I have 2 loaves of banana bread in the oven right now. I needed to bring something for morning tea for work tomorrow, that's 1, the other one is for us.
I decided to begin with the 30 items first because as I started, I wanted to keep going at it. I offered furniture to all my children with a "You DON'T have to say yes, please say no if you don't want it" text. No one wanted any of it. SO I have alot more to sell!
I got a bag of unwanted items / garbage and ended up with 3 garbage bags of clothing etc for the Charity Bins. Plus the furniture to sell.
Plus 5 really nice handbags that were hand me downs. I kept one I'd bought years ago that I LOVE and the one I use day to day. I've bagged up the 5 to also list together online for sale. Goneskis!

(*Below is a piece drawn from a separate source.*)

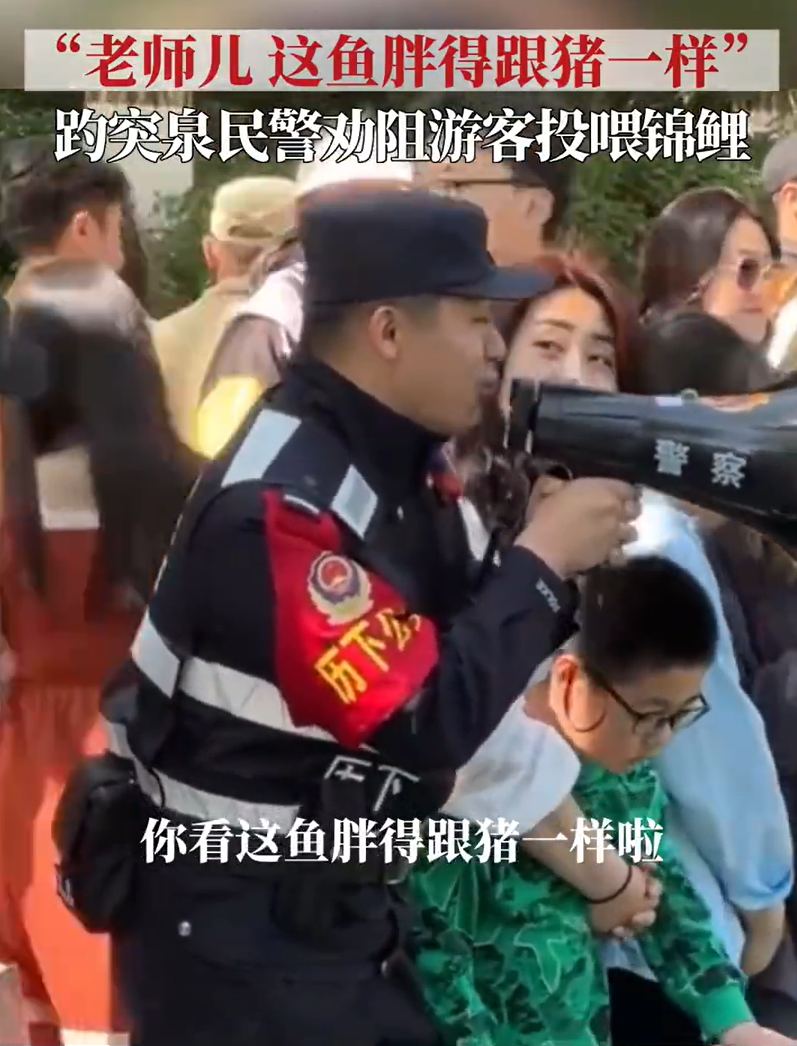 这里有幽默的劝导。最近这个五一假期,济南著名的趵突泉前人流如织,面对纷纷投喂金鱼的游客,维持秩序的警察登上了热搜:“老师儿,别往水里投鱼食了,你看这鱼,胖得跟猪一样了!”山东人特有的一本正经式的幽默,逗乐了屏幕外的人们;

Hopefully no extra demands will pile up on me next weekend because I'd really like to embark selling online then. Earlier if I have the energy but it's a busy work week ahead and that's probably enough on top of runnign around for the kids etc.
I'd also like to join our Freecycle group on FB (I joined under a false name to hopefully it's safer that way).
I'm gingerly taking the buckets away from inside, that were catching the leaking rainwater. Hope the roof repairs hold up.
I'm storing these buckets in the old chook's shed and may look to put the old ones out or give away too. Freecycle people would love them.
Making decisions about some things is hard. I also don't know how to prioritise areas to declutter. I do feel overwhelmed to a point but know it's not going to happen if I don't do it and I HAVE to do it. This place is driving me nuts lol.